Enfin, les ministres devraient renoncer à l'exercice d'un "mandat exécutif" dans une collectivité ou un EPCI. La règle avait été en vigueur sous la présidence de Jacques Chirac, avant d'être délaissée par Nicolas Sarkozy à son arrivée à l'Elysée.
Concernant la mobilité de certains agents publics ou membres de cabinets vers des entreprises du secteur privé avec lesquelles ils ont eu un lien, les magistrats estiment que le dispositif actuel, très critiqué au moment de "l'affaire" Pérol, n'est pas satisfaisant. A la place, ils proposent un régime d'autorisation préalable délivrée par une autorité indépendante et pénalement sanctionnée en cas de non-respect.
Par ailleurs, le Code pénal serait modifié afin de préciser la définition de la prise illégale d'intérêts, et cela de manière "complémentaire" à la nouvelle rédaction prévue par la proposition de loi de simplification et d'amélioration de la qualité du droit (lire notre article du 15 décembre 2010).

La transparence sur les cadeaux à l'administration

Au-delà de ces mesures qui seraient initiées par une loi spécifique ainsi que par voie réglementaire, la commission prône la construction d'une "nouvelle culture de la déontologie". Avec l'aide de "déontologues" désignés dans les administrations, des dispositifs préventifs seraient mis en place, tels que des codes de bonne conduite et des chartes de déontologie. Les cadeaux d'un montant supérieur à 150 euros devraient être déclarés et "remis à la collectivité". Des formations sur la déontologie seraient dispensées dans les administrations et les écoles du service public.

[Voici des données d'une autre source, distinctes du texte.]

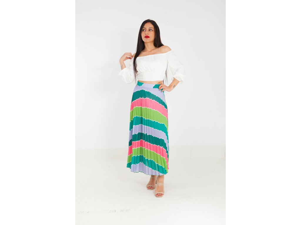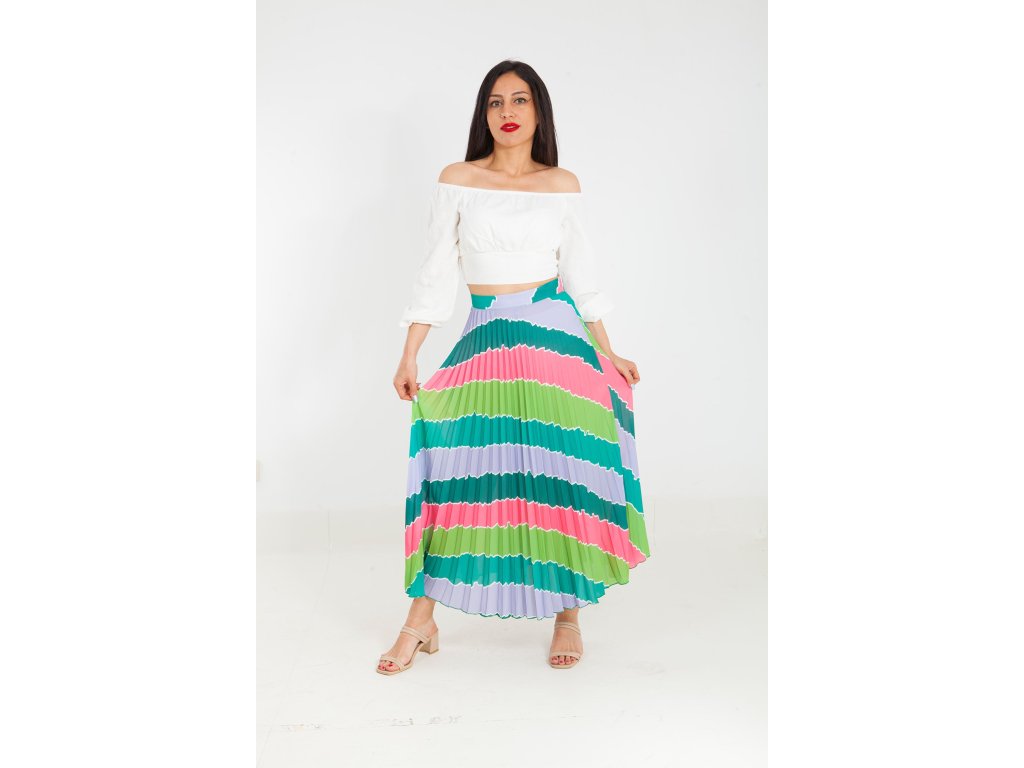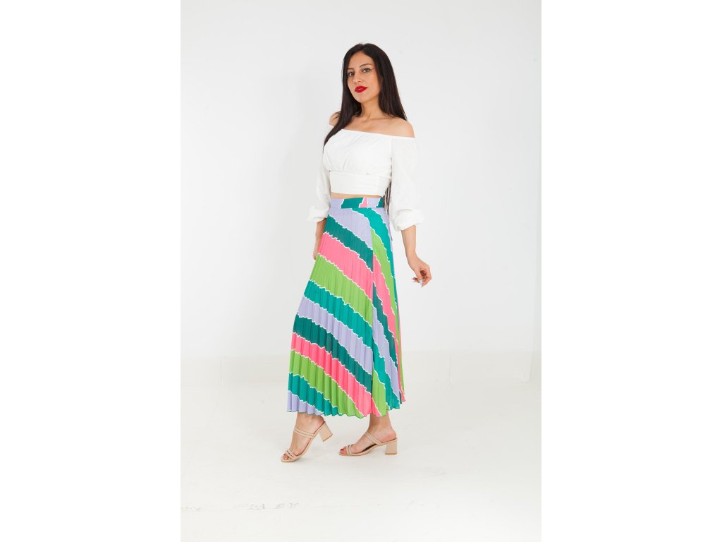 Táto výrazná plisovaná sukňa zaujme farebným pruhovaným vzorom, ktorý oživí každý outfit. Ľahký materiál a elastický pás zabezpečia pohodlné nosenie a voľnosť pohybu. Skvelo sa kombinuje s jednoduchými topmi, blúzkami aj crop topmi — ideálna voľba na letné dni, dovolenku alebo štýlové mestské prechádzky.

Enfin, les magistrats recommandent la mise en place de "mécanismes d'alerte" permettant à un agent de signaler un risque d'infraction sans risque de sanction.
Pour faire respecter les nouvelles règles, une autorité de déontologie de la vie publique, issue de la fusion de la commission de déontologie et de la commission pour la transparence financière de la vie politique, serait créée.
L'association Transparence international France s'est félicitée de la "solidité" des mesures proposées. Mais elle a regretté, en particulier s'agissant de l'obligation de déposer une déclaration d'intérêts, qu'elles ne s'appliquent pas aux "parlementaires et aux élus des grandes collectivités". 
Nicolas Sarkozy compte demander à François Fillon de préparer un projet de loi sur la déontologie dans la vie publique "qui sera déposé au cours de cette année", a annoncé l'Elysée dans un communiqué après la remise du rapport. "Le rapport qui a été remis contient beaucoup de propositions. On va donc regarder avec les parlementaires quelles sont celles qu'on retient dans un projet de loi", a pour sa part déclaré le Premier ministre.